**EXERCISE MATERIAL**

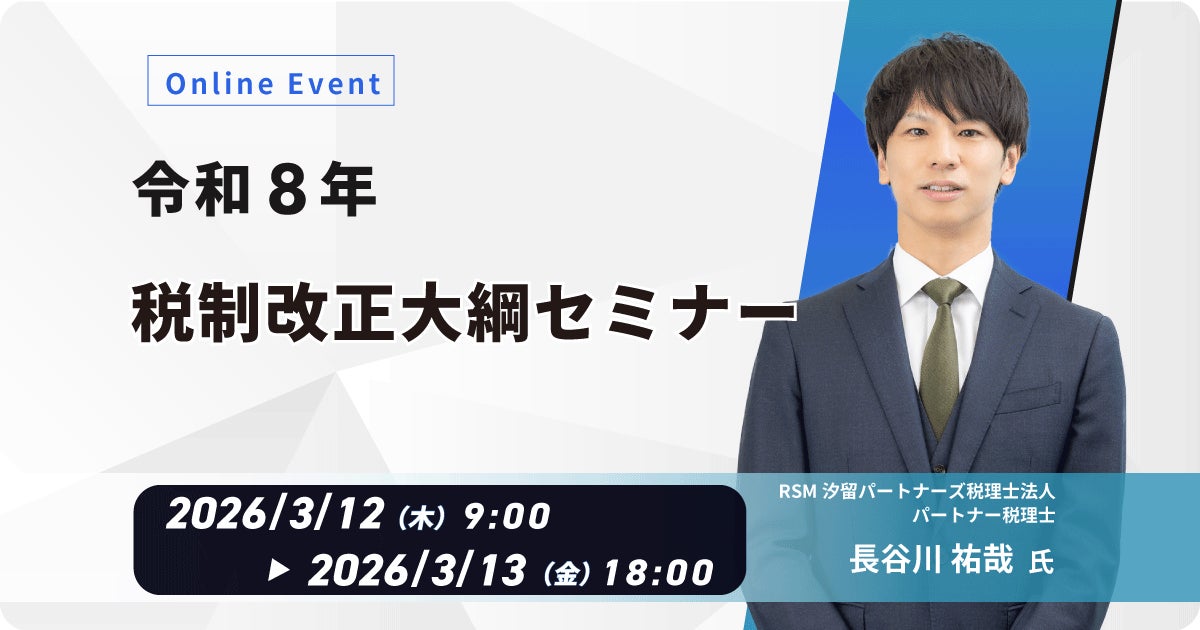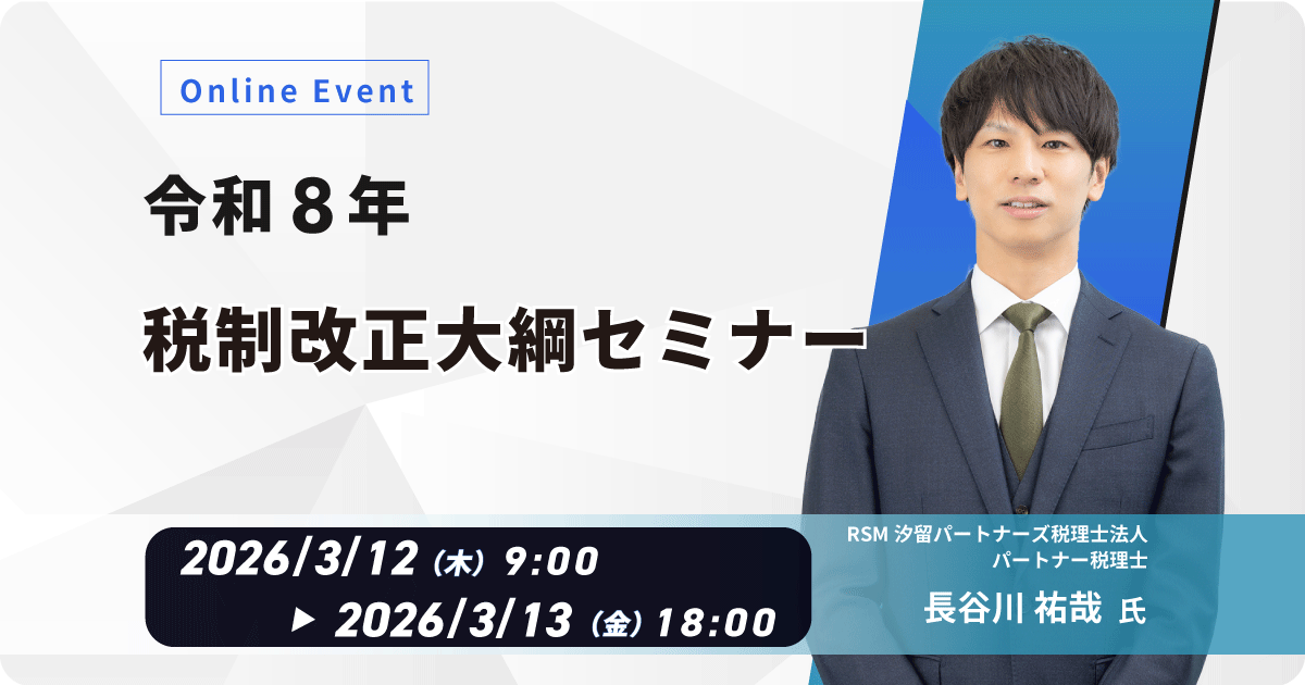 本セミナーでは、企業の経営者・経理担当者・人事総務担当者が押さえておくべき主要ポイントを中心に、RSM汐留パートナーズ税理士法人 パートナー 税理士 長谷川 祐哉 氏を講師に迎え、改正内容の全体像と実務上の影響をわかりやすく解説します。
...
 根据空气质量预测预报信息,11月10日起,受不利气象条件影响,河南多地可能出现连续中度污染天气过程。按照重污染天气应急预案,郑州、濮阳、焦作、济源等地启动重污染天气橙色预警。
* * *
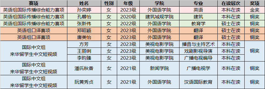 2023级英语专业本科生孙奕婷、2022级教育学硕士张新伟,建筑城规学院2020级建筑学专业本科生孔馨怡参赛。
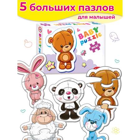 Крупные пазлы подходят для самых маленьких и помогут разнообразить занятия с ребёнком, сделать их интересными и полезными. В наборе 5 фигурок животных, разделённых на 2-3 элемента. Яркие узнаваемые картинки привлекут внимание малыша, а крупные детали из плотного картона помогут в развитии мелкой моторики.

**WORK ORDER**
Both the line containing "2023级英语专业本科生孙奕" and the line containing "Крупные пазлы подходят" above belong in the output, as do the lines between them. Print them exactly, without pictures.

**RESULT OF THIS EXERCISE**
 2023级英语专业本科生孙奕婷、2022级教育学硕士张新伟,建筑城规学院2020级建筑学专业本科生孔馨怡参赛。
 Крупные пазлы подходят для самых маленьких и помогут разнообразить занятия с ребёнком, сделать их интересными и полезными. В наборе 5 фигурок животных, разделённых на 2-3 элемента. Яркие узнаваемые картинки привлекут внимание малыша, а крупные детали из плотного картона помогут в развитии мелкой моторики.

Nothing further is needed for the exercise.